Protagonizada por Luis Brandoni y Eduardo Blanco, la película retoma el vínculo entre dos hombres mayores que discuten, se provocan y se necesitan en un banco del parque. Pero Campanella insiste en que el corazón del relato no es la vejez.
‘La edad le da urgencia, pero el conflicto es compromiso versus conformismo’, explicó. Para reforzar esa idea, decidió equilibrar el peso de ambos personajes y convertir ese dilema (más existencial que político) en el verdadero motor dramático.
Después de ver la obra más de 300 veces desde el fondo de la sala, el director descubrió algo cuando se sentó entre el público: el primer plano. ‘En teatro uno mira al que habla. El cine te permite mirar al que escucha’, dijo. Esa posibilidad de capturar la emoción en el rostro fue, según contó, la llave para justificar la adaptación. Lejos de temer que la película quedara “teatral”, defendió la decisión de filmar el parque como un espacio abierto, con profundidad y vida, y de trabajar con una curva energética que sostenga el pulso del relato.
Aunque la película tendrá vida global en Netflix, Campanella fue claro: ‘La filmé como cine’. Cree que la historia puede viajar bien en castellano (la experiencia en España, donde la obra estuvo cinco meses en cartel, lo respalda) y confía en la universalidad del conflicto. ‘Se reían y se emocionaban en los mismos lugares’, señaló.
En el roundtable también hubo espacio para opiniones menos diplomáticas. Sobre los formatos verticales fue tajante: los considera “antinaturales”. Y respecto de la inteligencia artificial, lejos del alarmismo, adoptó una mirada pragmática. La define como una herramienta poderosa, capaz de procesar información a gran velocidad, pero incapaz (al menos por ahora) de reemplazar la imaginación. Incluso contó que, por curiosidad, le pidió una crítica del guion y la IA detectó en segundos su parentesco con la obra original. ‘Eso sí me sorprendió’, admitió.
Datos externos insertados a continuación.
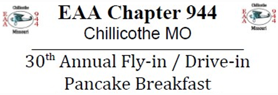 The 30th annual Chillicothe EAA Chapter 944 Fly-In breakfast will be held Saturday at the Chillicothe Municipal Airport.  The event is a fundraiser for the organization to help fund scholarships for youth who would like to learn to fly and to attend the AirVenture Academy in Oshkosh, WI.

En paralelo, trabaja en la adaptación animada de Mafalda, un proyecto que asume con entusiasmo y responsabilidad. Pero si algo dejó claro en Content Américas 2026 es que su búsqueda no cambió: no le interesa “contar” historias, sino hacer que el espectador las viva. En Parque Lezama, esa premisa vuelve a sentarse en un banco para recordarnos que, aun cuando el tiempo apremia, siempre estamos a tiempo de elegir de qué lado pararnos.